April 20, 2000 |   Geir Moulson

ASSOCIATED PRESS

GENEVA, Switzerland - The United States failed yesterday in its latest effort to have China's human-rights record censured by the United Nations. However, Cuba, Iran and Iraq found themselves under scrutiny.

The United Nations' 53-nation Commission on Human Rights voted 22-18 for a "no action" motion proposed by Beijing to block discussion of a U.S. resolution critical of the situation in China. Twelve nations abstained and one was absent.

Developing countries, many of them African or Asian, rallied to Beijing's cause, as they did in eight previous years. But the United States said that it succeeded in drawing attention to China's record and that the margin of the vote was the narrowest in five years.

"It pokes a hole in the aura of immunity that only China has enjoyed and conveys a sense that all nations have to look to the commission before they confront their own people," U.S. Assistant Secretary of State Harold Koh said.

China applauded the U.N. decision. Attempts by the United States to censure it "can lead nowhere but self-isolation and self-defeat," a Chinese Foreign Ministry spokesman, Sun Yuxi, said in remarks carried by China's official Xinhua news agency.
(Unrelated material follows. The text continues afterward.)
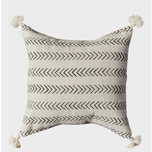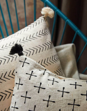 Front of these boho throw pillows are made from 100% cream cotton. Mudcloth fabric with black stencil detailing. Hand-spun cotton threads are hand-woven using narrow wooden looms into strips of cloth. The cloths are hand-dyed in small vats using local flora and fermented earth from the Niger riverbed.

"The human-rights situation in China is the best ever in the country's history," Sun said.

The vote came after weeks of intense lobbying by both sides. The U.S. text protested increased restrictions on Tibetans and the "harsh crackdown" on political opposition. It noted repression of the Falun Gong spiritual movement.

Meanwhile, the U.N. panel censured Cuba for the second consecutive year, voting 21-18 to criticize it for "the continued violation of human rights and fundamental freedoms." Fourteen members abstained.

Cuba accused Washington of being the driving force behind the action. Ambassador Carlos Amat said U.S. officials "once again wielded the strings of their occasional puppets," referring to the Czech Republic and Poland, which proposed the motion.

In another narrow vote, the commission kept Iran under scrutiny for human-rights abuses, even though it accepted that progress had been made. The resolution passed 22-20, with 11 abstentions.

Delegates had less sympathy for neighboring Iraq, which they condemned for its "all-pervasive repression and oppression." No nation supported Baghdad, although 21 abstained.

They agreed without a vote to condemn "the continuing pattern of gross and systematic violations of human rights in Myanmar," also known as Burma, and expressed concern over abuses in Sudan.

With opposition only from Russia, the panel attacked Yugoslavia's repression of the media and the political opposition, arbitrary administration of justice, and discrimination and violence against ethnic minorities.